[[ Exercise input, beginning ]]
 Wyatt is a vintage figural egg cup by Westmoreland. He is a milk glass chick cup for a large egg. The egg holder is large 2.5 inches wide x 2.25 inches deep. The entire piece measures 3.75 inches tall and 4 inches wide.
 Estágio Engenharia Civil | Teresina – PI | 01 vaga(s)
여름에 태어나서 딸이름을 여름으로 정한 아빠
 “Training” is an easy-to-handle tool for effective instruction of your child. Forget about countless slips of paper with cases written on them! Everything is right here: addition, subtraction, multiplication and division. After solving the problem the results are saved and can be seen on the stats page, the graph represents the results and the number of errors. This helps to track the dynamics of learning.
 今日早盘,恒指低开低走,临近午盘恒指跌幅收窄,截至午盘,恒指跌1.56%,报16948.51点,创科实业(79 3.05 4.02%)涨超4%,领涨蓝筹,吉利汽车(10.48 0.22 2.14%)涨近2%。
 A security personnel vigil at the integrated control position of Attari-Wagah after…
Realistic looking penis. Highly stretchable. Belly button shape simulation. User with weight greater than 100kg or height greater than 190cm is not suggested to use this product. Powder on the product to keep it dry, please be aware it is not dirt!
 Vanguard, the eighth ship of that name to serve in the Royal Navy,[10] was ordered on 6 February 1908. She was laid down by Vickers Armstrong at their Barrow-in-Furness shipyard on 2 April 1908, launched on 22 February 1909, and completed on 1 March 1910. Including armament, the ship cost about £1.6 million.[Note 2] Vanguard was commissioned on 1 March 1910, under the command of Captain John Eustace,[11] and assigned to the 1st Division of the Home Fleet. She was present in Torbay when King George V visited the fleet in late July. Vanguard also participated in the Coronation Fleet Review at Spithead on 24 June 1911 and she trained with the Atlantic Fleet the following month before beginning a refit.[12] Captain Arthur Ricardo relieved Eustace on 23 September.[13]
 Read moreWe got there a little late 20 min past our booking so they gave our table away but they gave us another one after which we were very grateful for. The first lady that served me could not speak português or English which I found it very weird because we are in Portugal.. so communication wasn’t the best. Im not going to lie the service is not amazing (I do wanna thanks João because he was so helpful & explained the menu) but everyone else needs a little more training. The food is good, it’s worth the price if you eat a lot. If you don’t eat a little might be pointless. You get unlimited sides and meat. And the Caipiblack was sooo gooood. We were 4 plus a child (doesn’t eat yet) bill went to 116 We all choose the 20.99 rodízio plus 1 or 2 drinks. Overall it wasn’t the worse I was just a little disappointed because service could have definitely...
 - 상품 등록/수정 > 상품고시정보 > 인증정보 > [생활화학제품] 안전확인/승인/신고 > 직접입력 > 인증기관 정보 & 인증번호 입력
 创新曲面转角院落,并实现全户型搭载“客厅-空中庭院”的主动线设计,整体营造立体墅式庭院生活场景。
[[ Exercise input, end ]]
[[ Exercise input, beginning ]]
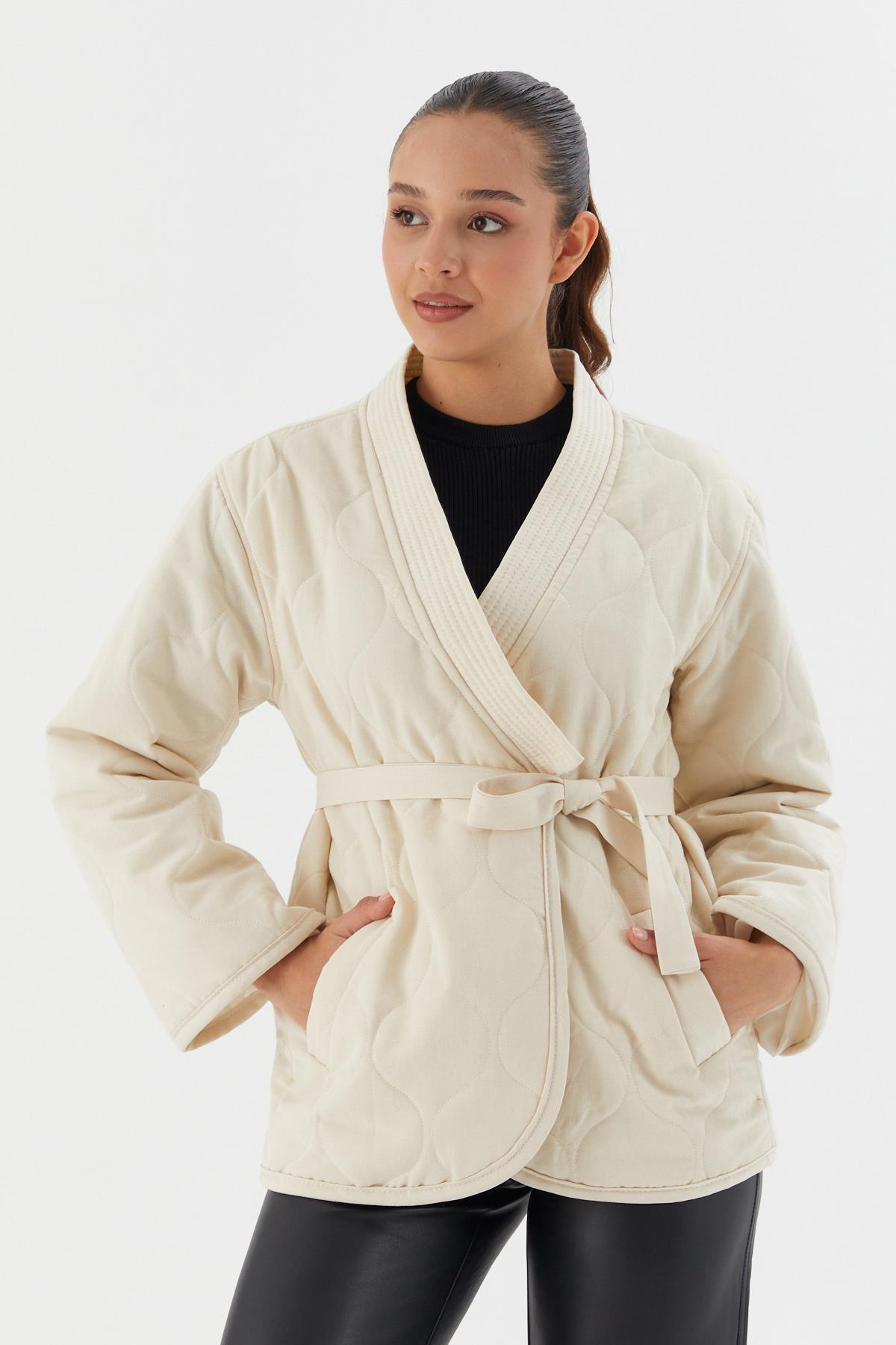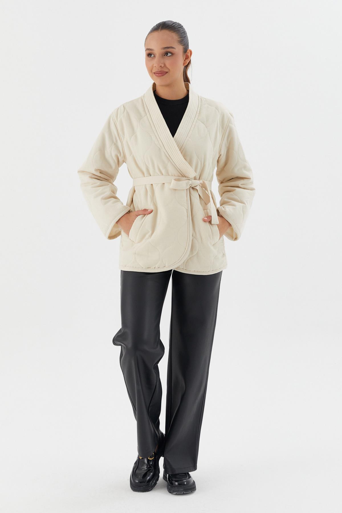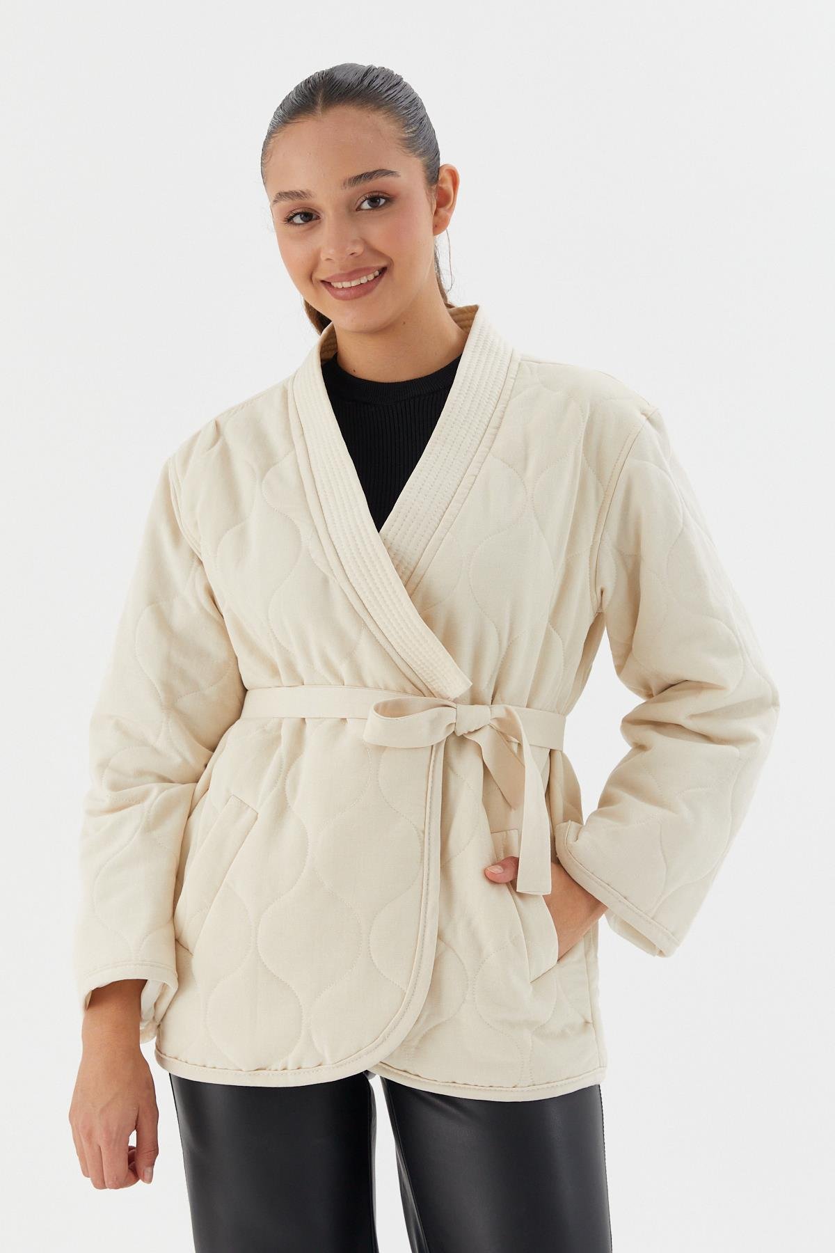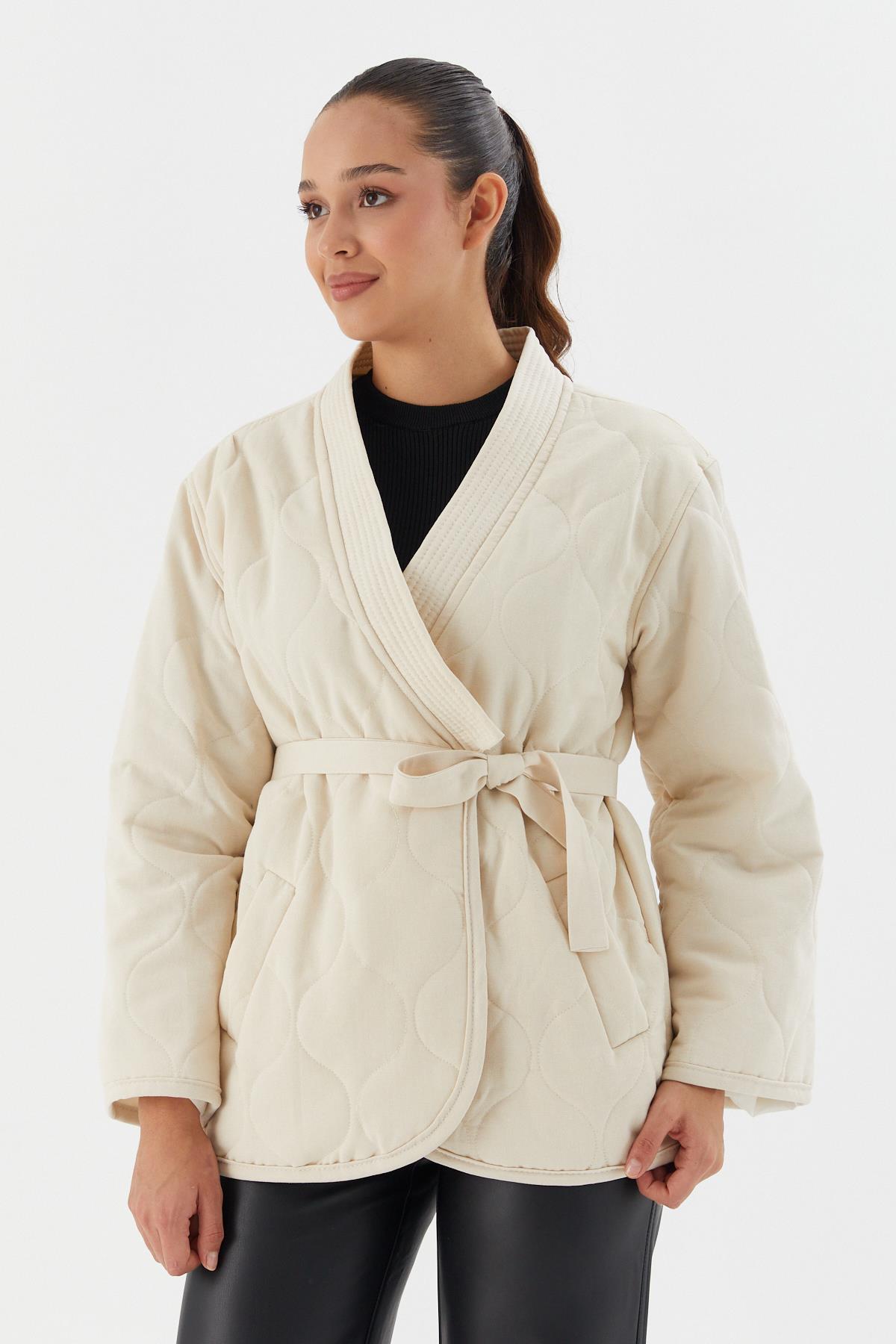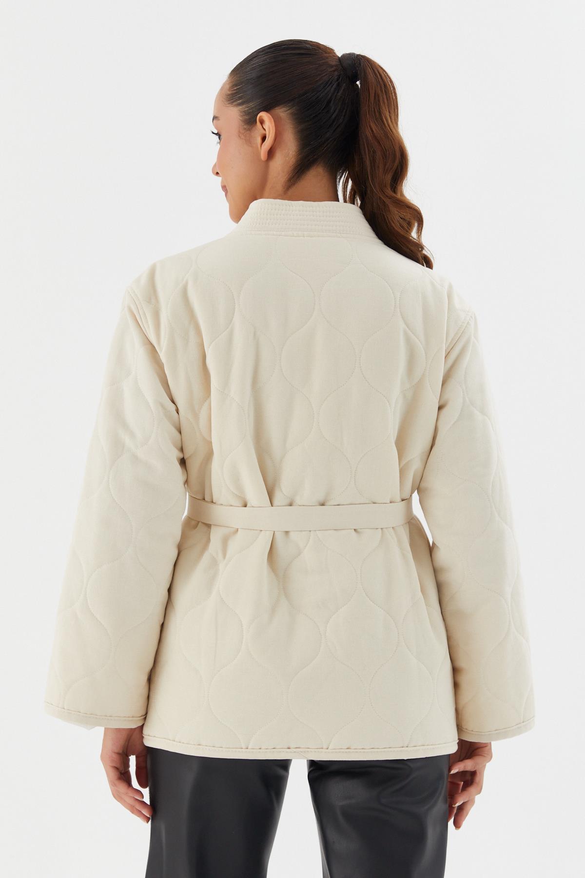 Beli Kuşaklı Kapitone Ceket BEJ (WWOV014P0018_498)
[[ Exercise input, end ]]
Go through the material above and output exactly the lines from the one containing "Wyatt is a vintage" through the one containing "여름에 태어나서 딸이름을 여름으로 정한 아빠".

Solution for this problem:
 Wyatt is a vintage figural egg cup by Westmoreland. He is a milk glass chick cup for a large egg. The egg holder is large 2.5 inches wide x 2.25 inches deep. The entire piece measures 3.75 inches tall and 4 inches wide.
 Estágio Engenharia Civil | Teresina – PI | 01 vaga(s)
여름에 태어나서 딸이름을 여름으로 정한 아빠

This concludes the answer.